◆ **Task instructions**:
An exact copy of the listing is required, with its pictures removed.

◆ **Collected data**:
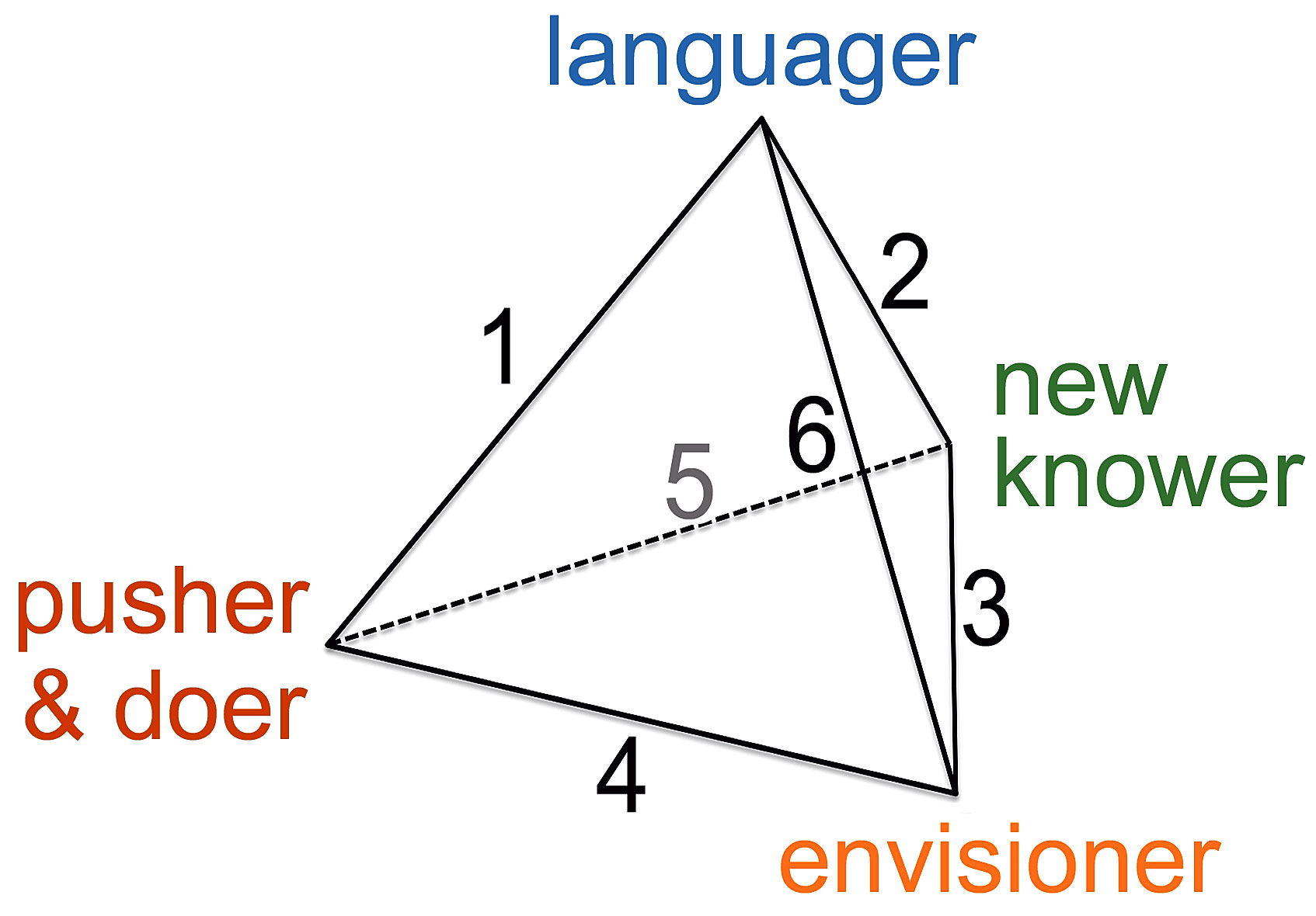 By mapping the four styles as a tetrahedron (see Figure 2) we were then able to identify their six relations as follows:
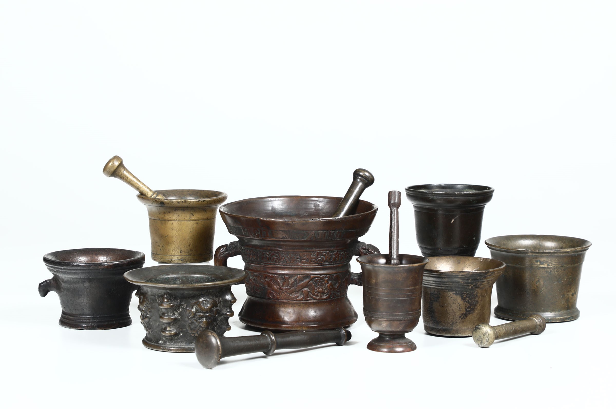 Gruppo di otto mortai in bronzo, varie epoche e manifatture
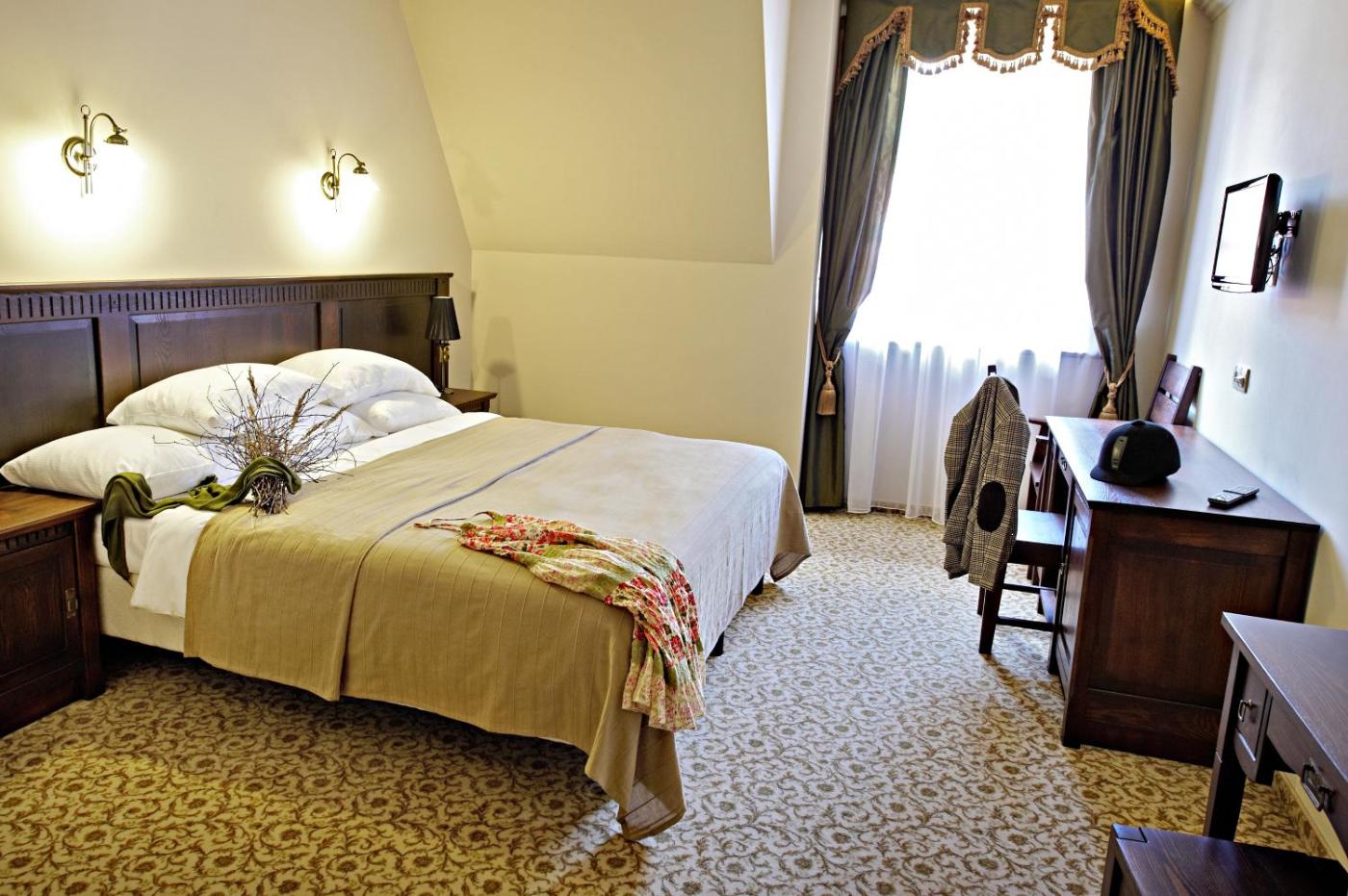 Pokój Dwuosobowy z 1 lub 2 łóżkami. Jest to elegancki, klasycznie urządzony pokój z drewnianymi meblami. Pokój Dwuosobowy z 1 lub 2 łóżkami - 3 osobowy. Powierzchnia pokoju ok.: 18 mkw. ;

◆ **Task solution**:
 By mapping the four styles as a tetrahedron (see Figure 2) we were then able to identify their six relations as follows:
 Gruppo di otto mortai in bronzo, varie epoche e manifatture
 Pokój Dwuosobowy z 1 lub 2 łóżkami. Jest to elegancki, klasycznie urządzony pokój z drewnianymi meblami. Pokój Dwuosobowy z 1 lub 2 łóżkami - 3 osobowy. Powierzchnia pokoju ok.: 18 mkw. ;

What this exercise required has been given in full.